Le critère 5 concernant l’intégration des publics féminins reste problématique. Il est considéré comme un objectif complexe à atteindre. La difficulté d’établir une mixité des genres dans les structures concerne tout particulièrement le secteur des préadolescents et des adolescents. L’animation jeunesse, si l’on en croit les coordinateurs rencontrés, est encore pensée comme destinée à un public essentiellement masculin. À croire que son image a connu une évolution peu sensible sur ce sujet, même si la préoccupation de la mixité est dorénavant présente. Souvent, l’animation est née d’une volonté municipale pour contrer les problèmes liés à la délin- quance, d’où la difficulté de faire évoluer les représentations. De plus, les centres d’animation sont confrontés aux problèmes de recrutement des animatrices, ce qui ne facilite pas l’adhésion des publics féminins. L’équipe encadrante ne reflète pas elle-même cette parité qui est exigée dans le label. La question de la place des filles dans ces accueils n’est pas clairement définie et comprise par certaines structures. Cependant, depuis le lancement du label, elle a évolué. Au départ, elles étaient peu présentes, aujourd’hui l’évolution est réelle mais encore faible. Les structures n’hésitent pas à mettre en place des activités traditionnellement considérées comme « féminines », comme des séances de coiffure et de beauté avec des professionnels ou des ateliers sportifs (comme la danse) afin de les intégrer pleinement. L’objet est surtout de favoriser leur présence autour d’activités structurantes à une période où les adolescents sont en quête d’identité.

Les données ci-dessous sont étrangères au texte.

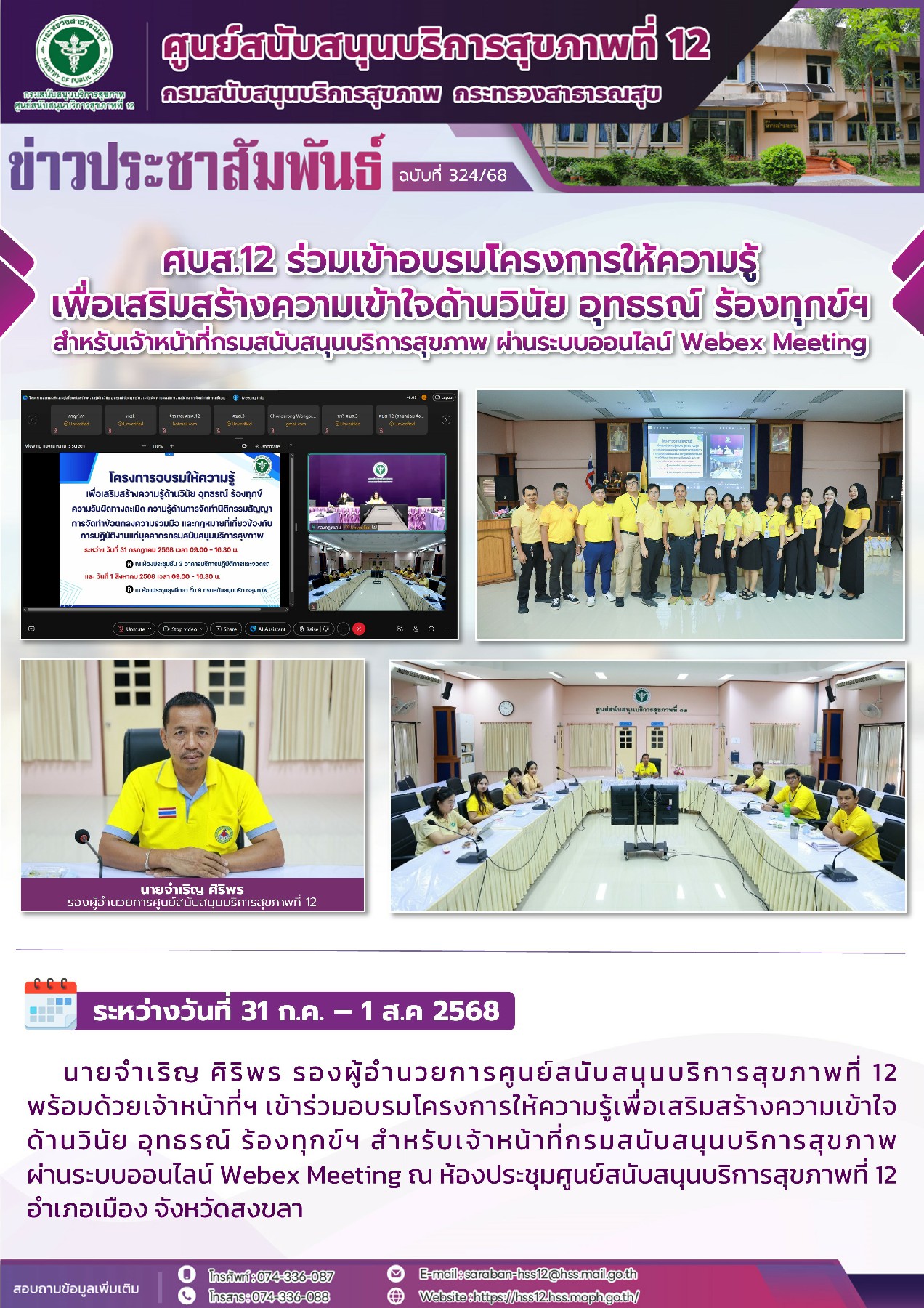 ระหว่างวันที่ 31 กรกฎาคม – 1 สิงหาคม 2568 นายจำเริญ ศิริพร รองผู้อำนวยการศูนย์สนับสนุนบริการสุขภาพที่ 12 พร้อมด้วยเจ้าหน้าที่ฯ เข้าร่วมอบรมโครงการให้ความรู้เพื่อเสริมสร้างความเข้าใจ ด้านวินัย อุทธรณ์ ร้องทุกข์ฯ สำหรับเจ้าหน้าที่กรมสนับสนุนบริการสุขภาพ ผ่านระบบออนไลน์ Webex Meeting ณ ห้องประชุมศูนย์สนับสนุนบริการสุขภาพที่ 12 อำเภอเมือง จังหวัดสงขลา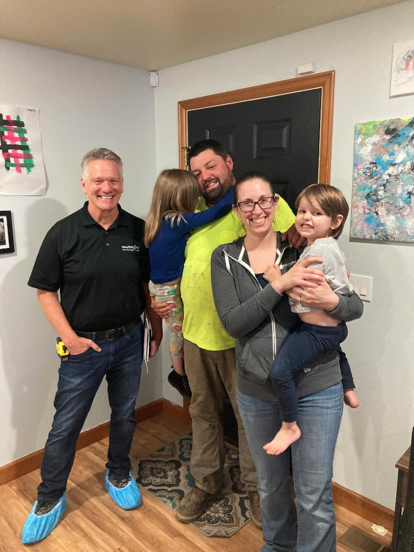The Boersmas are a sweet, hardworking family with two young children. Like many, their home was hit hard by last winter’s flood, which wiped out the insulation and duct work under the house. The couple took the a big chance and purchased a cement company just before the flood hit, so as new small business owners they were then unable to get a loan to replace the heating system in their home. The Barron team extended a hand with the gift of a new Carrier furnace system, giving them the little boost they needed to enjoy a warm home this season.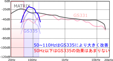GS335を追加するとGS331とGS333の波形はほぼ同じになります。GS335を追加することで、重低音に関してはGS331とGS333の差はほぼなくなるといって良いでしょう。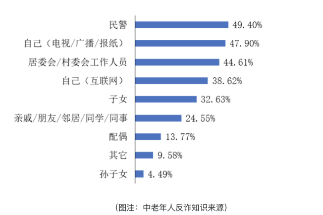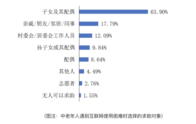 然而,調查發現,當遇到互聯網使用困難時,中老年人主要求助於家人親友,反詐知識的獲取也主要來自於民警、居委會/村委會工作人員**、**子女親朋等傳統渠道,中老年人線上學習仍有較大的拓展空間。其重要原因在於,現有適老數字技能、網絡安全知識等內容供給不足且渠道相對侷限,中老年人本身用網能力相對較低,想學但找不到、找到了但看不懂的情況較多。

Les parents comme partenaires incontournables

Le critère 9, consistant à intégrer les parents comme partenaires incontournables, fait débat au sein des structures. Comment intégrer des parents lorsque leur demande de départ est celle d’une garde pour leurs enfants ? La mission première des animateurs serait alors de satisfaire cette demande. Ensuite, l’intégration des parents se fait de manière stratégique : certaines structures ont des animateurs référents pour l’accueil des parents, d’autres les intègrent dans les animations ou dans les conseils d’administration. Or, rapidement apparaissent des limites notamment éthiques comme l’investissement d’un noyau limité de parents. De plus, les parents participant aux conseils d’administration sont peu nombreux et doivent faire preuve de disponibilité.